Menolak menundukkan kepala, tetapi juga menolak untuk berhenti, apa yang bisa kau lakukan?
Chang Xian tidak menyangka bahwa gadis cantik ini pun memiliki kecenderungan untuk membandel. Terus terang, dia mengakui bahwa dia mengingkari janjinya sendiri? Ini ini ini… Dia benar-benar menghancurkan reputasinya sendiri!
Sebuah janji, tidak peduli dalam konteks apa pun, memiliki makna penting. Kata-kata yang sudah diucapkan, air yang sudah tumpah, kau bisa mencari alasan konyol ini atau itu, tetapi pada akhirnya kau tetap harus menemukan penjelasan agar dirimu memiliki tempat untuk berdiri.
Namun Tang Rou tidak berdiri di atas apa pun, dia hanya memberikan kalimat itu: Aku tidak setuju.
Tepat sekali!
Jika sang pemain tidak setuju, sungguh tidak ada seorang pun yang dapat memaksanya untuk berhenti, jadi alasan ini sangat kuat. Tapi melakukan hal ini sama saja dengan membakar citra dan reputasinya menjadi abu. Memiliki penampilan yang bagus pun tidak akan bisa menyelamatkanmu. Karakter, integritas, hal-hal itu selamanya adalah sifat paling penting bagi seseorang.
“Kau tidak setuju?” Tanggapan ini membuat Ruan Cheng benar-benar lengah. Suaranya tercekat, dia tidak tahu bagaimana harus melanjutkan. “Kau… kau benar-benar tidak tahu malu!”
Dia tidak bisa menahannya lagi, Ruan Cheng benar-benar tidak bisa menahannya. Melontarkan penghinaan semacam itu secara langsung tentu saja dicela, dan para penulis ini sering kali harus menggunakan cara-cara yang sangat berbelit-belit untuk menghina seseorang.
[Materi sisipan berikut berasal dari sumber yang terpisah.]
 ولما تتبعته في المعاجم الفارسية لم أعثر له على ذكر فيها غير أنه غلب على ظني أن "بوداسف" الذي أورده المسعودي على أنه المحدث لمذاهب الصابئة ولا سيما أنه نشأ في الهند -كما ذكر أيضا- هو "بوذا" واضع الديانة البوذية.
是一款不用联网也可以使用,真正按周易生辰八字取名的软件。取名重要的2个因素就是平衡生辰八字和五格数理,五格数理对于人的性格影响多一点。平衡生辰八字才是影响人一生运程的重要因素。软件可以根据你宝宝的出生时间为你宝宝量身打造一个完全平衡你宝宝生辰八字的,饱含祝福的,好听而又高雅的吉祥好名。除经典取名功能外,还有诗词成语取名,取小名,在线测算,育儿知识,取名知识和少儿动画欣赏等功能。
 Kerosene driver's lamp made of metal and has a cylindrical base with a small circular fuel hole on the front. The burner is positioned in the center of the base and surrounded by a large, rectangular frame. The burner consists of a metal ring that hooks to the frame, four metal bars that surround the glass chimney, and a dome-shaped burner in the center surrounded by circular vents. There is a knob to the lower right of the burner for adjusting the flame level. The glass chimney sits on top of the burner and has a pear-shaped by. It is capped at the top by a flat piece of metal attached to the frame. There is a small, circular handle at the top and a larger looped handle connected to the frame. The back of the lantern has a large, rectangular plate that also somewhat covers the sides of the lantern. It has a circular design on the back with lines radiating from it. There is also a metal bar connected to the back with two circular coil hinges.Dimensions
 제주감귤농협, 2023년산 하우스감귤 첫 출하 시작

Tetapi pada saat ini, dia benar-benar tidak bisa menahannya lagi. Ini sungguh tidak tahu malu. Tidak ada kata yang bisa mendeskripsikannya dengan lebih akurat.
“Kalian boleh mengatakan apa saja,” kata Tang Rou. “Aku akan terus berjalan seperti biasa. Terima kasih.”
Terima kasih? Sialan! Para reporter langsung dibuat murka. Apakah kau mencoba mempermainkan kami?